Date: 18 December 2025 (Thursday)
Time: 4:00 pm – 5:00 pm
Venue: Lecture Theatre 3/4, G/F, William M.W. Mong Block, 21 Sassoon Road
Host: Professor Rio Sugimura

Dr. Jin Chen is an Assistant Professor at the Faculty of Life and Health Sciences, Shenzhen University of Advanced Technology (SUAT). He earned his Ph.D. from the Beijing Institute of Genomics, Chinese Academy of Sciences. Following postdoctoral and associate research scientist training in Yousin Suh’s laboratory at Columbia University Irving Medical Center, he established his Lab at SUAT in 2025. Dr. Jin integrates single-cell and spatial multi-omics with genetics to decipher female reproductive aging and its systemic impacts. His recent first-author study in Nature Aging generated a single-nucleus multi-omics atlas of human ovarian aging, uncovering coordinated transcriptomic and epigenetic changes and prioritizing non-coding variants associated with age at menopause.
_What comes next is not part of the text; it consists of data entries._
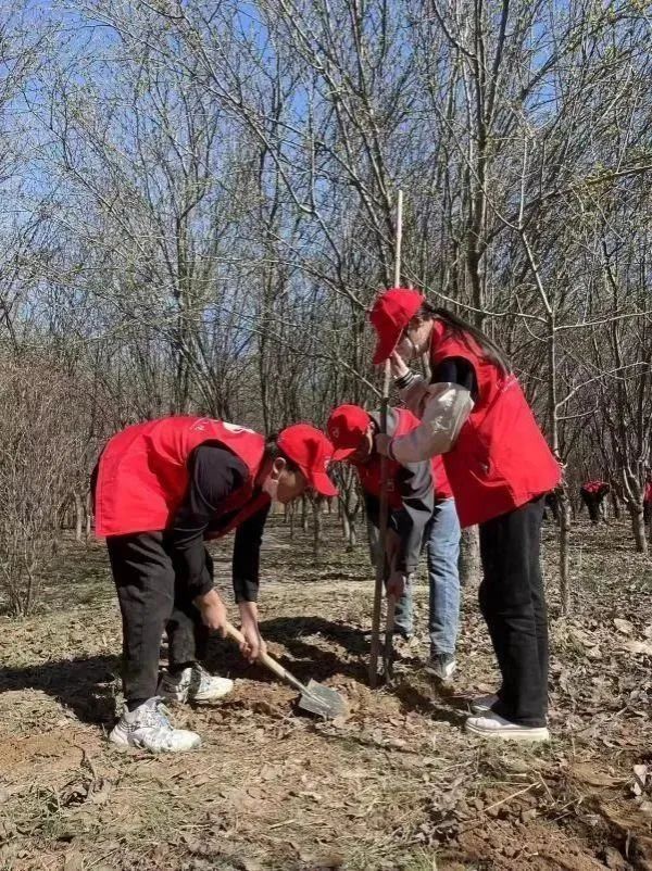 上午10时许,志愿者们来到植树点分散种植树苗。大家三五人一组,挥锹铲土、扶树培土、取水浇灌,配合默契、干劲十足,一片热火朝天的景象。同学们对此次志愿服务活动都充满了热情,希望能在春天留下自己的足迹。
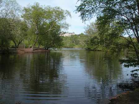 pond for the house. Can you see the house, up on the
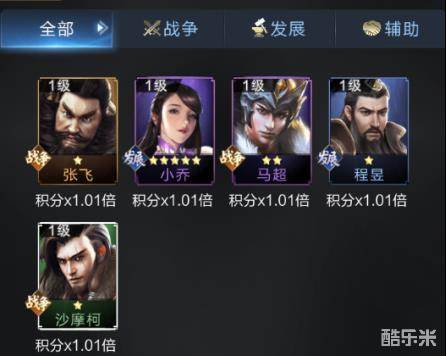 武将的战斗力决定积分加成的高低。头像下方是积分加成。
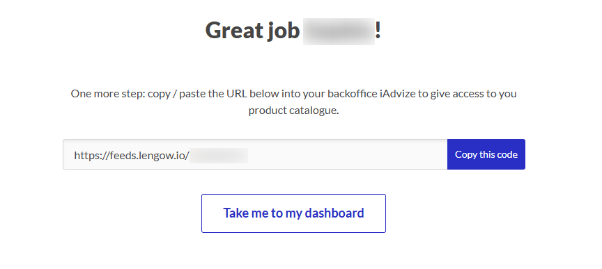 Apparirà un prompt di conferma: fai clic su "Avvia ora" per procedere. - Lengow genera un URL del feed specifico per il tuo feed iAdvize. Fai clic su "Copia questo codice" per copiare il link dell'URL, e salvalo per usarlo nella piattaforma iAdvize.
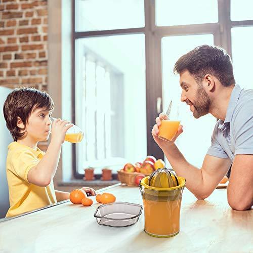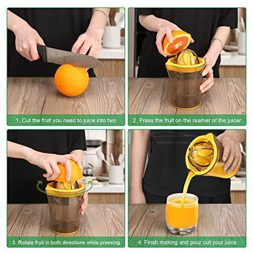 Manual Citrus Orange Squeezer, Lemon Orange Juicer Manual Hand Squeezer with 2 Lid Rotation Press Reamers, 20 oz, Transparent Brown, 1 Cleaning Brush by Sarissa

The ovary is the first organ to undergo early-onset aging in the human body, with profound consequences for both fertility and overall health in women. However, the biological mechanisms driving ovarian aging remain poorly understood. To understand the molecular, cellular, and genetic basis of ovarian aging in humans, we performed integrative single-nucleus multi-omics analyses of young and reproductively aged human ovaries, uncovering coordinated changes in gene regulation across all ovarian cell types. We found that ovarian aging is marked by transcriptomic and chromatin accessibility signatures of the canonical Hallmarks of Aging. By integrating our multi-omics data with genome-wide association study (GWAS) variants linked to age at natural menopause, we demonstrate how functional genetic variants shape gene regulatory networks across ovarian cell types. Our work provides a comprehensive multimodal landscape of human ovarian aging and mechanistic insights into inherited variation influencing the timing of menopause. As a first translational step, a low-dose rapamycin trial is underway to evaluate whether targeting these pathways can delay ovarian aging and improve women’s health.